The chronically inflamed mucosa in patients with chronic rhinosinusitis (CRS) can additionally be infected by bacteria, which results in an acute exacerbation of the disease (AECRS). Currently, AECRS is universally treated with antibiotics following the guidelines for acute bacterial rhinosinusitis (ABRS), as our understanding of its microbiology is insufficient to establish specific treatment recommendations. Unfortunately, antibiotics frequently fail to control the symptoms of AECRS due to biofilm formation, disruption of the natural microbiota, and arising antibiotic resistance. These issues can potentially be addressed by phage therapy. In this study, the endoscopically-guided cultures were postoperatively obtained from 50 patients in order to explore the microbiology of AECRS, evaluate options for antibiotic treatment, and, most importantly, assess a possibility of efficient phage therapy. Staphylococcus aureus and coagulase-negative staphylococci were the most frequently isolated bacteria, followed by Haemophilus influenzae, Pseudomonas aeruginosa, and Enterobacteriaceae. Alarmingly, mechanisms of antibiotic resistance were detected in the isolates from 46% of the patients. Bacteria not sensitive to amoxicillin were carried by 28% of the patients. The lowest rates of resistance were noted for fluoroquinolones and aminoglycosides. Fortunately, 60% of the patients carried bacterial strains that were sensitive to bacteriophages from the Biophage Pharma collection and 81% of the antibiotic-resistant strains turned out to be sensitive to bacteriophages. The results showed that microbiology of AECRS is distinct from ABRS and amoxicillin should not be the antibiotic of first choice.

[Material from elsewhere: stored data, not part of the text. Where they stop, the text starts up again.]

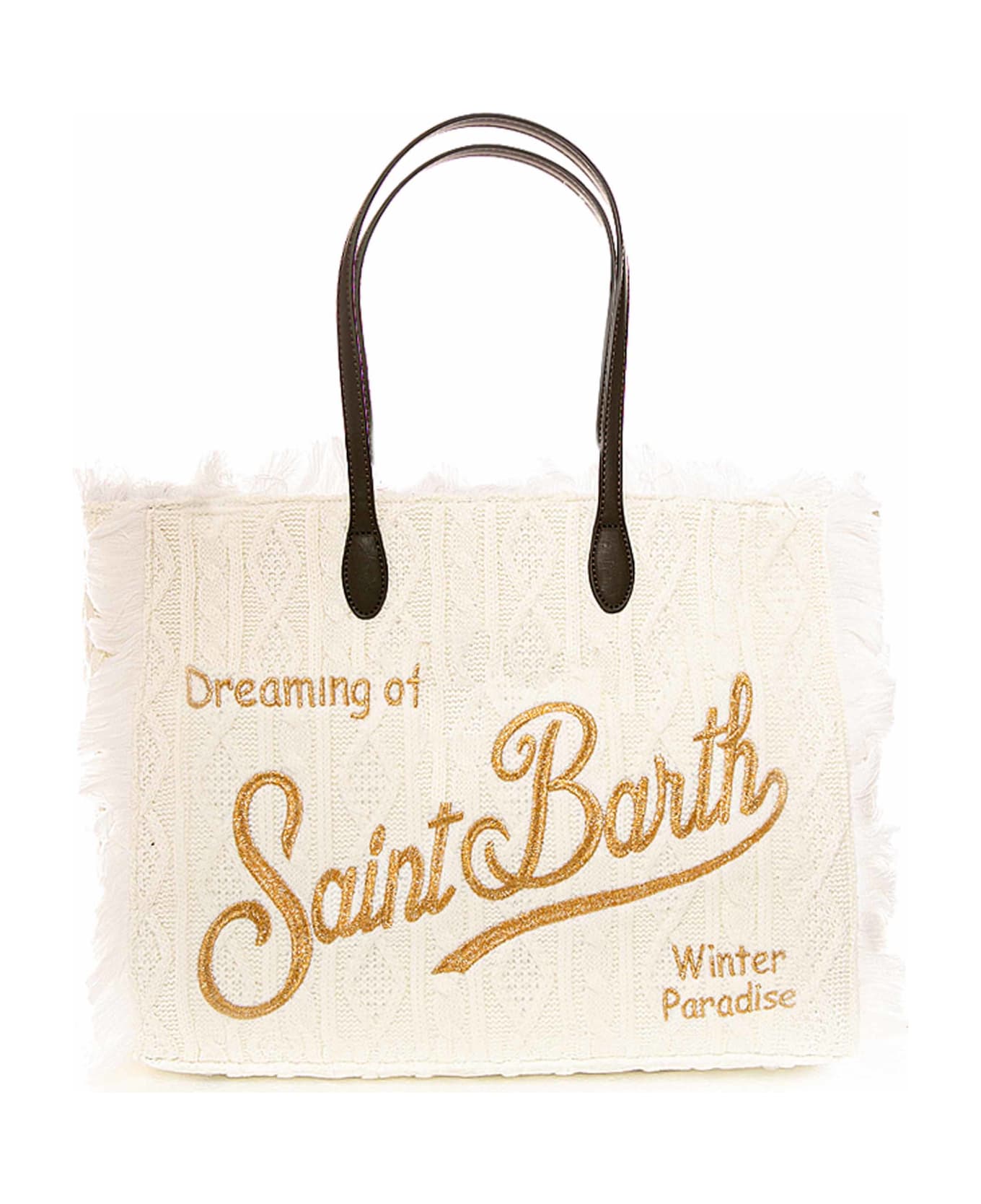 Vanity wooly white tricot shoulder bag Front Saint Barth golden embroidery Eco leather handles Inside pocket with zip Sizes: L 40 cm x W 30 cm x H 14 cm.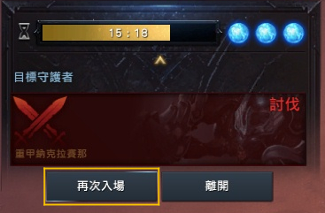 完成守護者討伐戰後,可透過「再次入場」鍵再次挑戰相同的守護者討伐戰。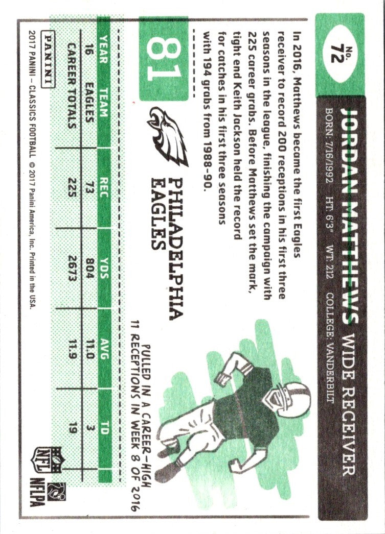 This 2017 Panini Classics Jordan Matthews #72 Philadelphia Eagles card is an absolute must-have for any serious collector. Featuring the action shot of Matthews in full flight, this card captures the power and dynamism of one of the NFL's most exciting players. Printed on high-quality card stock with a glossy finish, this card is sure to take pride of place in any collection. With a limited number of cards available, don't miss your chance to add this great item to your collection today!

Currently available bacteriophages could be used instead of antibiotics or as an adjunct to antibiotics in the majority of patients with AECRS.

Highlights

  • IntroductionAt least 1 in 10 citizens of Europe and the USA struggles with chronic rhinosinusitis (CRS) [1,2]

  • According to recent studies, at least 1 in 10 citizens of Europe and the USA struggles with chronic rhinosinusitis (CRS) [1,2]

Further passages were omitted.